The Cuckoo’s Calling Chapter 4
The attic is likewise shown as an apartment and perhaps a bit more generously proportioned than Rowling describes with the kitchen separated from the living/bedroom. We could however imagine the addition of a lift with associated machinery could drastically reduce this space in the literary building.
Strike let himself in through the black outer door beside the 12 Bar Café and began to climb the metal staircase that curled around the broken birdcage lift inside. Up past the graphic designer on the first floor, past his own office with its engraved glass door on the second; up to the third and smallest landing where his home now lay.
The space under the eaves was small by any standards, and especially for a man of six foot three. He scarcely had room to turn around in the shower; kitchen and living room were uneasily combined and the bedroom was almost entirely filled by the double bed.
The Silkworm Chapter 2
Brilliant sleuthing and exposition, Nick, especially the find that Rowling-Galbraith combined the interiors of two buildings (and her imagination) to create the Agency offices and Strike flat we ‘see’ in the novels. Thank you for this deep background, especially the 17th century material and the history of Denmark Street as an ‘industrial center’ complete with sword makers!
I have two questions I hope you will follow-up with more posts along these lines. Denmark Street may be ruled out as a potential killer of Leda Strike, but the place is definitely, as is all of London, a character in the Strike mysteries.
First, the chief mystery of Rowling’s Denmark Street I encountered on my visit there five years ago is the non-presence in her story-telling of the architectural structure that is visible from Strike’s window and rather dominates the area, namely, The Church of St Giles in the Fields.

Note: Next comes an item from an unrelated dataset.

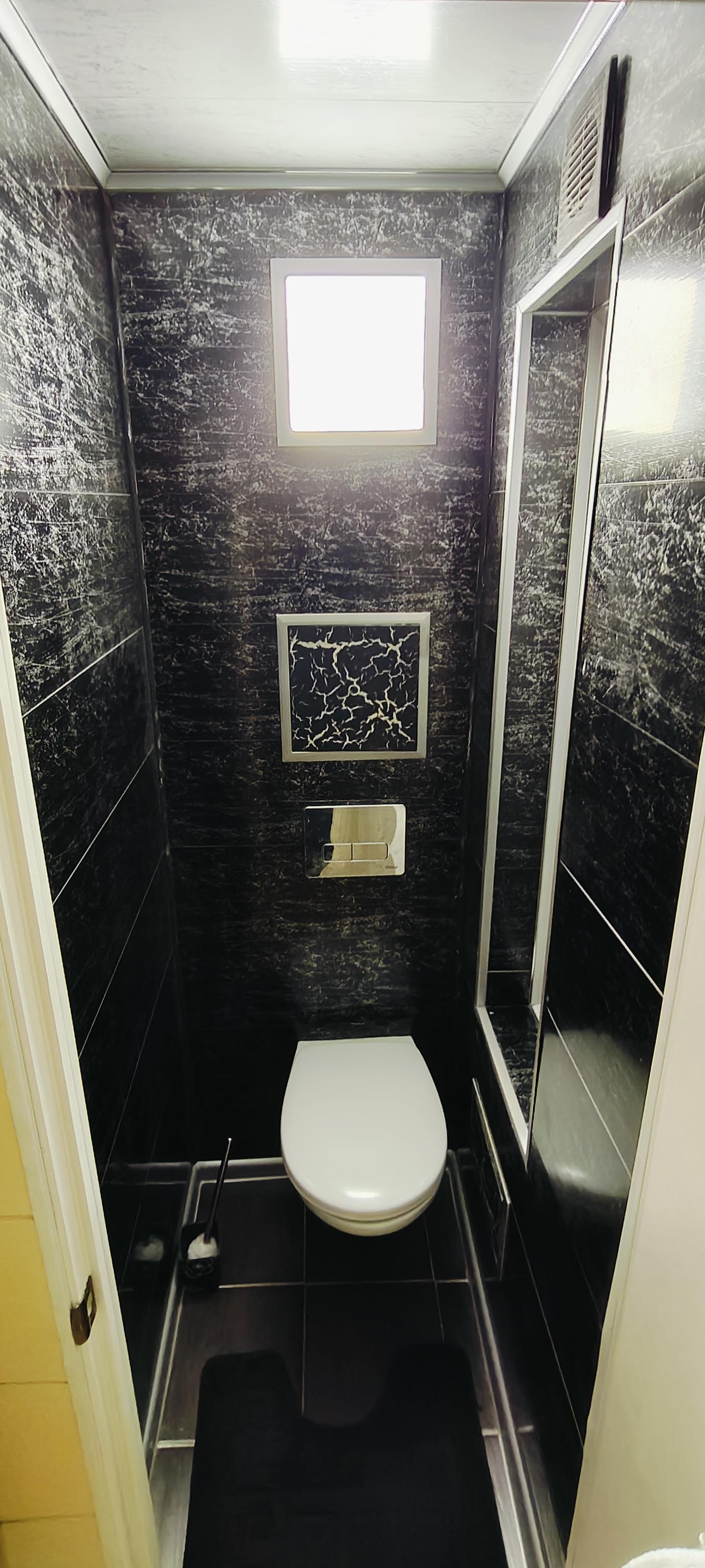Стены оклеены обоями , Потолок побелен. На полу линолеум. Ванная отделка кафелем пол и стены , коммуникации в хорошем состоянии . Туалет отделка панелями , установлена инсталляция .

It is a very beautiful and edifying space; why has Rowling elected to completely overlook it in these novels? Does the church have contemporaneous origins with Denmark Street after the 1666 fire?
Last, Serious Strikers are speculating (a) that Rokeby may have recorded an album on Denmark Street, even that it was the location of Strike’s first meeting with his biological father (note Rowling’s near-promise that Robin will be discussing this with Strike sooner than later), and (b) that we’ll be saying good-bye to the location in Ink Black Heart because Strike and Robin were supposed to renegotiate their lease with new owners in Troubled Blood but never got around to it (Talgarth Road, here we come!). On my visit in late 2016, there was construction all around the Street but not on it. Can you fill us in on the happenings on this short street in the years of Ink Black Heart and pre-Covid? Not that Rowling-Galbraith will honor real-world developments any more than she did the interior of 26 Denmark Street, but it would be fun to know! An update to your ‘Before the Construction’ post?
Many thanks again for this invaluable history of Denmark Street, and thanks in advance for whatever consideration you give to answering my questions!
I wouldn’t be so quick to rule out a murderous building. Remember the school building from the Peanuts strip that had a nasty habit of dropping bricks on its enemies?